Лучи Атона объемлют все. Они охватывают не только царя и вельмож. И простые люди освещены его сиянием. Даже ребенок во чреве матери, даже животные в пустыне получают жизнь от Атона, который сам есть благо! Изливает он изобилие на землю. Любовь пробуждает он в сердцах тех, кто его познает. Любовь, а не страх! Как мог он, Тутмос, жить раньше, не зная об этом! Как долго пришлось ему жить в страхе и трепете перед богом, чьим именем прикрывалась несправедливость! Ложью было то, чему учили жрецы Амона. Но их величию придет конец. Откровение, дарованное Атоном своему единственному сыну, подобно воде, орошающей жаждущую землю, наполнит души людей! И все, что не устоит перед этой правдой, да уйдет во мрак вечной ночи!

Мысли Тутмоса прерывает какой-то необычный звук.

Это старый Меджем бьет палкой по висящей доске, созывая мастеров на обед. «Сколько же времени прошло?» – подумал Тутмос, оторвавшись наконец от работы. Только теперь он почувствовал, что голоден.

Солнце стоит высоко в небе. Тутмос вытер ладонью пот со лба и присоединился к остальным мастерам, расположившимся на земле под навесом, поддерживаемым колоннами. Мужчины шутили со служанками, раздававшими хлеб, финики и плоды смоковницы.

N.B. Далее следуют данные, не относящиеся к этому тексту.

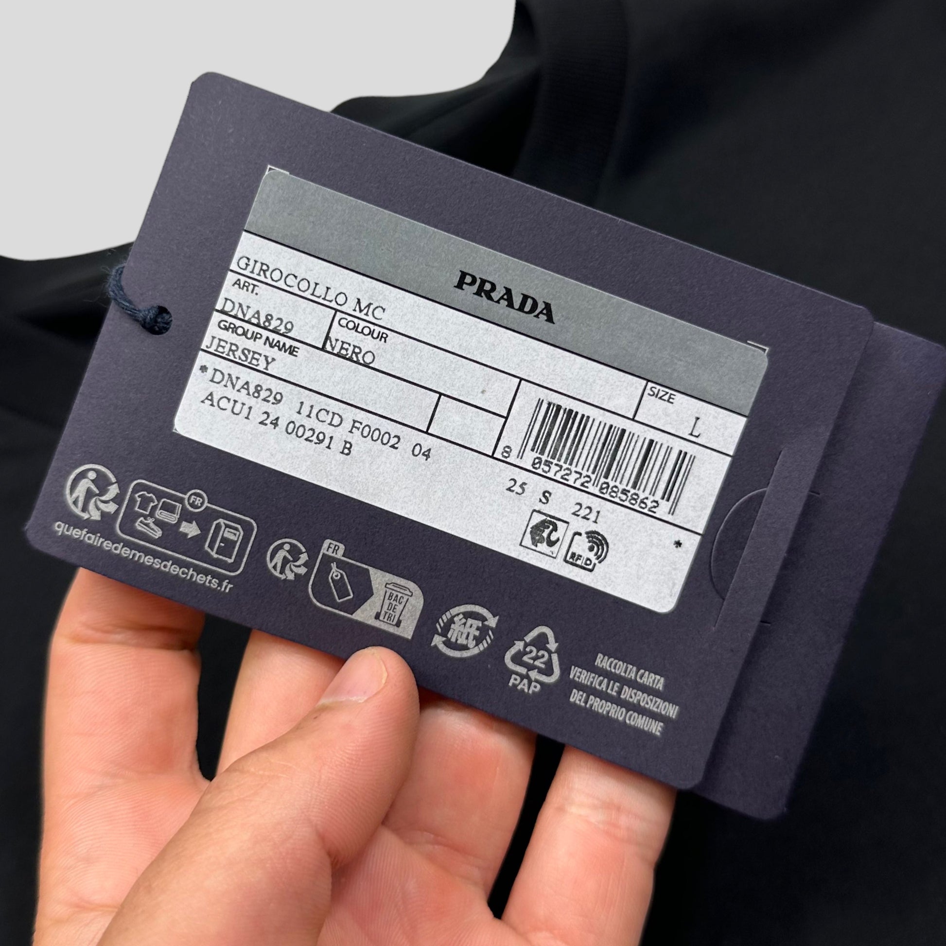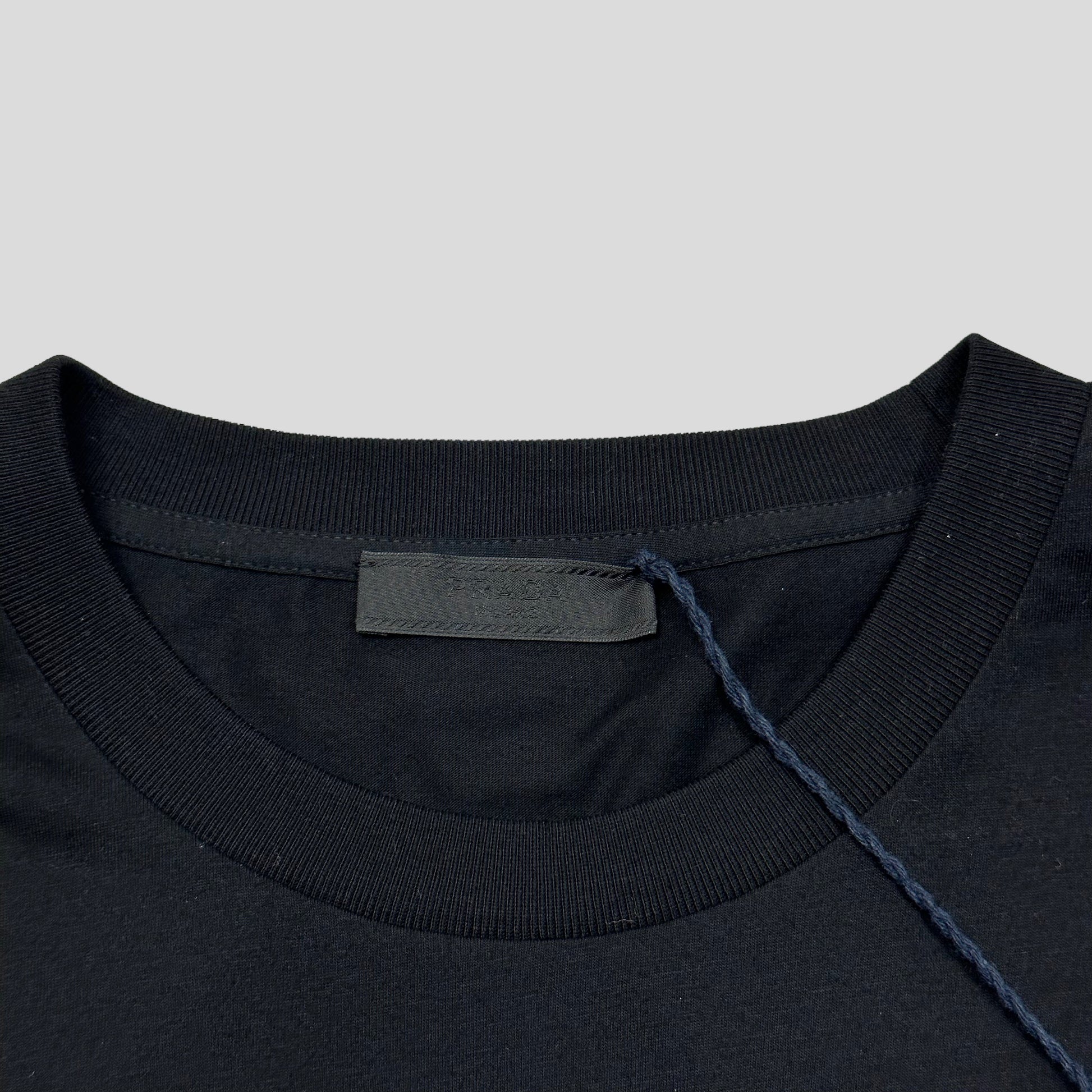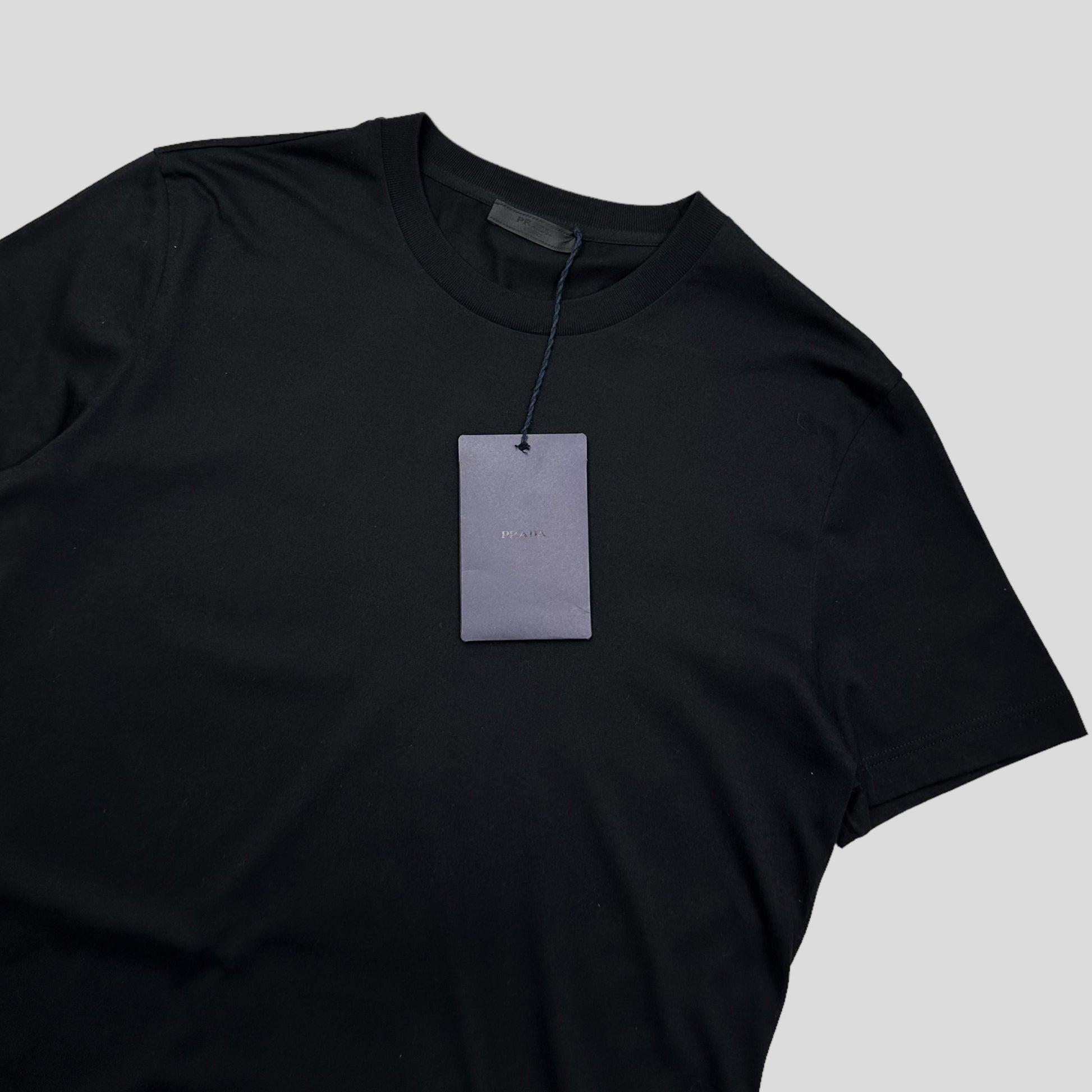 Brand new with tags Prada Milano 2024 black cotton cut & sew jersey t-shirt, completely unworn, nero pitch black with all tags.

Когда очередь дошла до Тутмоса, одна из девушек спросила его:

– Как тебя зовут?

Но рот юноши был полон финиками, и он не смог сразу ответить. Один из мастеров, чуть постарше Тутмоса, крикнул девушке:

– Ну как же назвать твоего дружка? Любимчиком богов или любимчиком женщин, а может быть, господином всего приятного!..

– Пучеглазый! – крикнула в ответ девушка. – Не разевай так свою пасть, а то у тебя язык достает до ушей. Если бы собрать всю ложь, извергаемую твоим ртом, ею можно было бы набить целый мешок!

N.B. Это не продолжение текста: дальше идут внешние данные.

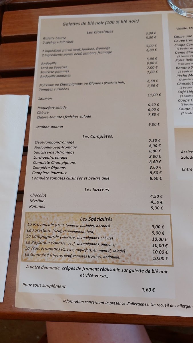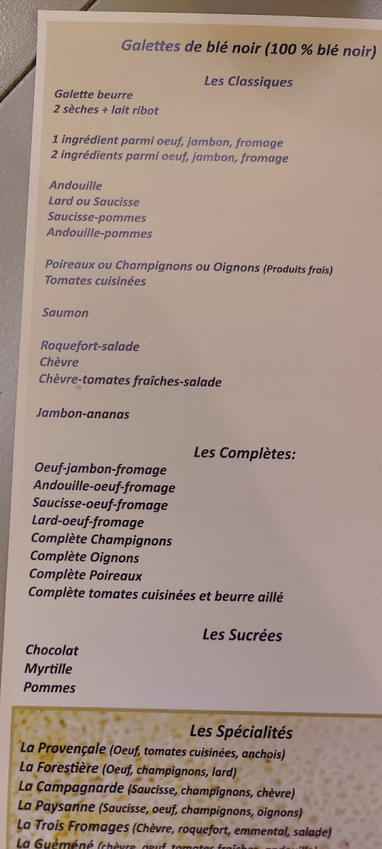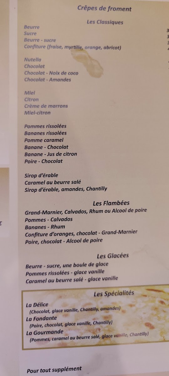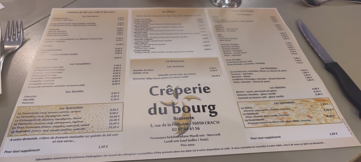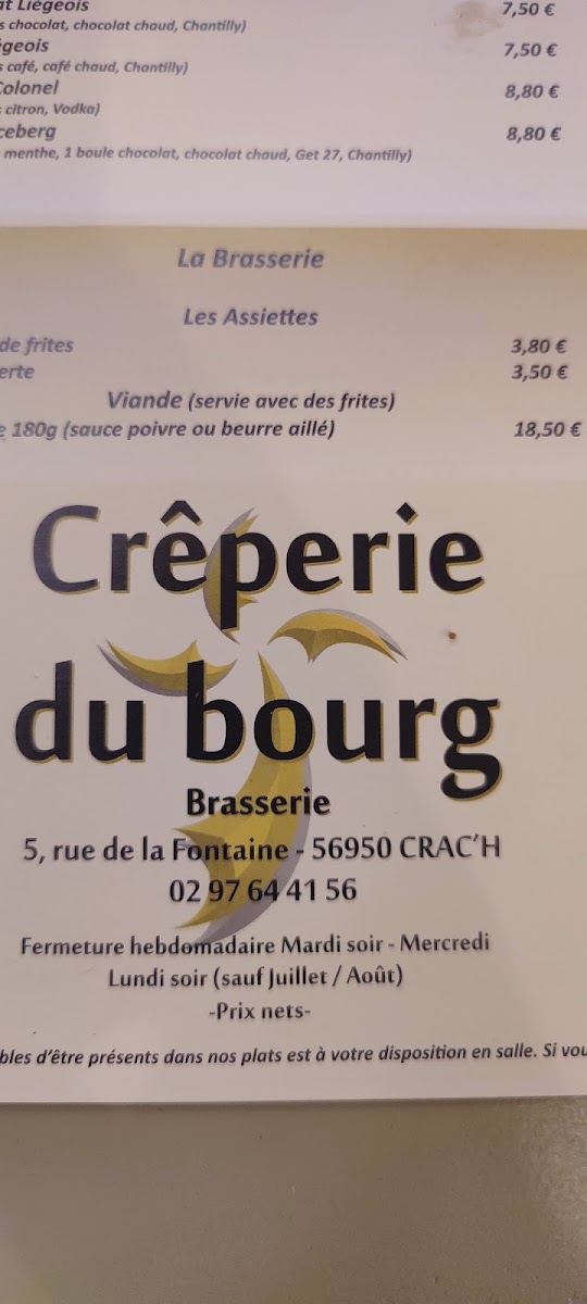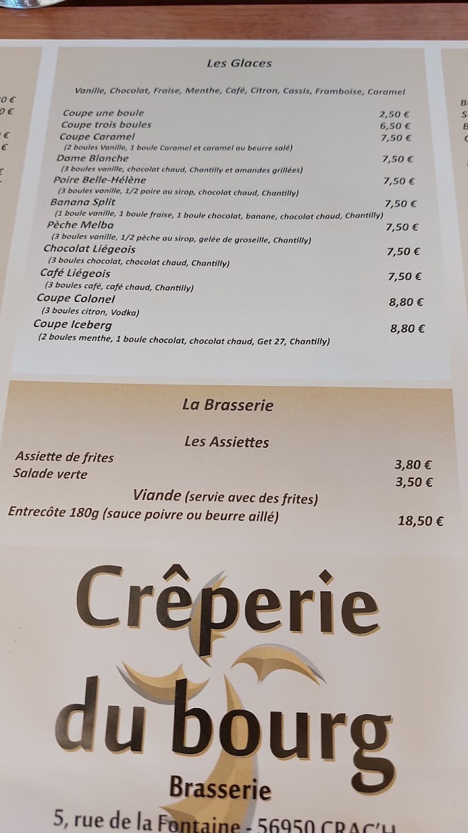 The menu at Crêperie Du Bourg offers a delightful selection of both savory and sweet options, capturing the essence of traditional French crêpes with a twist. For a hearty and satisfying option, the Pizza is a great choice, featuring a delicious combination of flavors. The Crêpe Saucisse stands out as a savory favorite, with its perfect balance of crêpe and sausage. For dessert lovers, the Coupe Iceberg is a refreshing and indulgent treat, combining ice cream with a crisp finish. The Crêpe la Gourmande delivers a rich, sweet experience, ideal for anyone craving a decadent crêpe. And for those seeking a taste of Brittany, the Crêpe Bretonne la Vraie A L'andouille de Guéméné is a must-try, offering an authentic and flavorful experience with its distinct regional sausage. This menu showcases the best of French crêperie fare, catering to both savory and sweet preferences, and is perfect for anyone looking to savor traditional flavors with a touch of modern flair.

Тем временем Тутмос успел все проглотить и со смеющимися глазами обратился к девушке:

– Не назову тебе своего имени, пока не узнаю твоего.

– Правильно, Тутмос! – поддержал его один из парней, постарше. – Не дай себя провести этой кошечке! Девушка громко засмеялась:

– Не старайся, Тутмос! Мне совсем неинтересно, Тутмос, как тебя зовут! Можешь оставить свое имя при себе, Тутмос!

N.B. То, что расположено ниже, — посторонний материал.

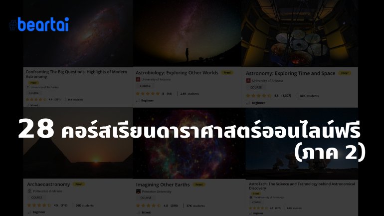 แม้จะยังอยู่ในยุคโควิด แต่คงปฏิเสธไม่ได้ว่าห้วงเวลานี้ก็ถือเป็นยุคทองของเทคโนโลยีและการเรียนรู้เช่นเดียวกัน ความสำเร็จในการนำมนุษย์ขึ้นสู่อวกาศโดย SpaceX บริษัทภาคเอกชนในสัปดาห์ที่ผ่านมา ยิ่งทำให้เกิดความตื่นตัวไปทั่ว อีกไม่ช้า เรื่องราวดาราศาสตร์และอวกาศจะใกล้ตัวเรามากขึ้นเรื่อย ๆ เพื่อเข้าสู่ยุคอวกาศอย่างเท่าทันไปด้วยกัน สถาบันวิจัยดาราศาสตร์แห่งชาติ (องค์การมหาชน) (NARIT) สถาบันเพื่อการวิจัยดาราศาสตร์หนึ่งเดียวของไทย แนะนำคอร์สดาราศาสตร์ออนไลน์จากมหาวิทยาลัยชั้นนำทั่วโลกไว้ถึง 57 คอร์สด้วยกัน แต่เพื่อผู้เริ่มต้นและผู้เริ่มสนใจ เราจึงคัดสรรเฉพาะ 28 คอร์สเรียนดาราศาสตร์ออนไลน์ฟรีที่ผู้ไม่มีพื้นฐานก็สามารถเรียนได้มาแนะนำ โดยคลาสเรียนเหล่านี้ จะเรียนเป็นภาษาอังกฤษทั้งหมด คอร์สเรียนดาราศาสตร์ออนไลน์ฟรีทั้ง 28 คอร์ส แบ่งออกเป็นคอร์สจากเว็บไซต์ OpenLearn FutureLearn EdX และ Coursera โดยเราได้ไล่เรียงตามความเข้มข้นยากง่ายของเนื้อหา ในบทความนี้จะนำเสนอเบื้องต้นก่อน 16 คอร์สแรก และมีภาคต่อเป็นคอร์สที่มีเนื้อหาลึกขึ้นอีก 12 คอร์ส (สำหรับภาคหลัง ไม่ต้องมีพื้นฐานก็เรียนได้เช่นกัน แต่อาจจะต้องมีความรู้ฟิสิกส์ระดับมัธยมปลายมาบ้าง) บางคอร์สเป็นคอร์สเรียนฟรีเท่านั้นไม่มีประกาศนียบัตร บางคอร์สก็มีใบรับรองให้หากบริจาคหรือลงเรียนแบบเสียค่าใช้จ่ายตามที่กำหนด สำหรับเงื่อนไขของผู้เรียน สนใจแบบไหนลองอ่านรายละเอียดให้ถี่ถ้วนก่อนลงเรียนกันนะครับ สนใจคอร์สไหน กดที่ชื่อคอร์สได้เลย เราลงลิงก์ไว้ให้แล้ว 7 คอร์สดาราศาสตร์ขั้นต้นจาก OpenLearn Open Learn เป็นเว็บไซต์เพื่อการศึกษาฟรี…วัฒนา ขจัดสารพัดภัย | 2048 days ago

И прежде чем юноша успел оправиться от смущения, она исчезла.

«Так вот здесь каково!..» И Тутмос невольно напряг свои мускулы, как будто должен был защищать свою собственную жизнь. Наконец он успокоился и продолжал есть. Он больше не вмешивался в разговоры, доносившиеся со всех сторон. После трапезы можно было отдохнуть в тени. Тутмос лег на бок и тут же заснул. Накануне ночью он не выспался, и теперь от усталости у него болело все тело. Юноша спал так крепко, что Ипу пришлось разбудить его, когда снова пришло время работать.

Наконец наступил вечер. По случаю праздника зарезан баран. Запах жаренного на вертеле мяса разносится по всему двору. Мастера стоят группами вокруг Тутмоса. Кругом звучат шутки, смех.

Вот все рассаживаются на земле. Каждый берет кусок жаркого. Кружки, полные пива, ходят по кругу. Это коричневое пиво служанки приготовили из хорошего, бродившего несколько дней хлеба.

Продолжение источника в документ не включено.